Spend your effort on retrieval quality: chunking strategy, embedding choice, re-ranking, and metadata filtering. In our projects, the single biggest quality jumps came from better retrieval, not better generation. The model is rarely the bottleneck.

Lesson 2: Your corpus is dirtier and staler than you think

Demo corpora are clean. Real corpora are twelve years of overlapping, contradictory, half-deprecated content. A RAG system that faithfully retrieves a document that was correct in 2019 will confidently tell users something that is now false, and they will believe it because it has a citation.

Content curation is not a preprocessing step you do once; it is an ongoing discipline. Classify sources by authority and recency. Exclude superseded material explicitly rather than hoping the embeddings sort it out. Tag by product area and version so retrieval can filter, not just rank. The unglamorous content pipeline is often the highest-leverage part of the system.

Lesson 3: Chunking is a real decision

Fixed-size chunking is the default and it is usually wrong. Splitting every 500 tokens cuts tables in half, separates a heading from its content, and orphans the sentence that contained the actual answer. Chunk along semantic boundaries — sections, list items, logical units — and preserve enough surrounding context that a retrieved chunk is interpretable on its own. Test this directly: look at what actually gets retrieved for real questions. You will be unpleasantly surprised, and then you will fix it.

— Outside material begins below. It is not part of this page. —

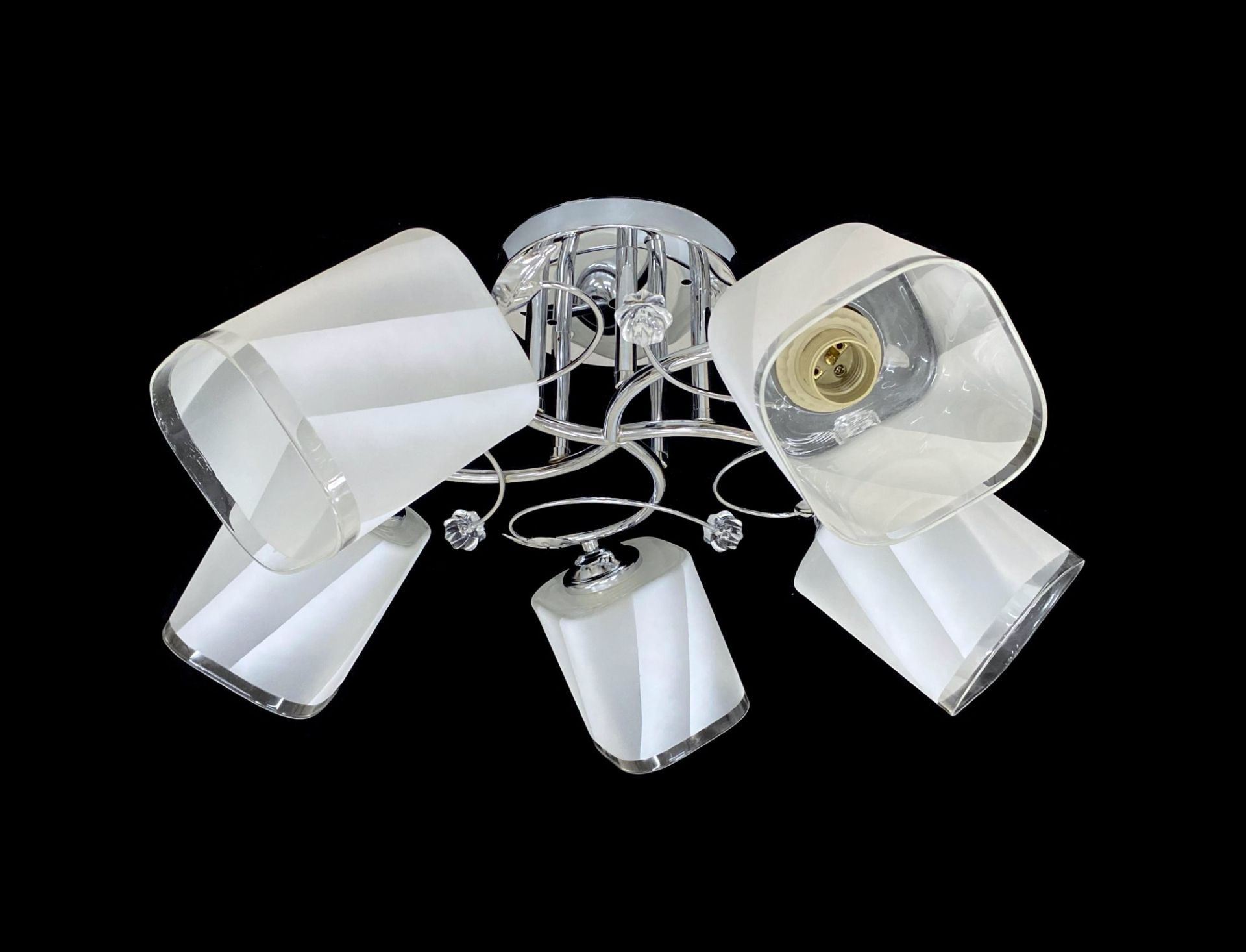 Эта стильная потолочная люстра на 5 плафонов — идеальное сочетание функциональности и элегантного дизайна. Ее конструкция из прочной стали в цвете хром и пять светлых стеклянных плафонов создает современный и изысканный вид. Благодаря равномерному рассеиванию света, эта люстра обеспечивает комфортное и приятное освещение в любом помещении.

Lesson 4: "I don't know" is a feature, not a failure

The instinct is to make the system always answer. Resist it. A RAG system that answers everything will, by construction, answer confidently when retrieval found nothing relevant — that is a hallucination with a citation attached, the most dangerous output of all.

Set a retrieval confidence threshold. If nothing clears it, the honest response is "I don't have a reliable answer for that." Counter-intuitively, this is the behaviour that earns user trust. On one project, the abstention path was the single change that took the assistant from "switched off after a bad incident" to "default tool for the support team."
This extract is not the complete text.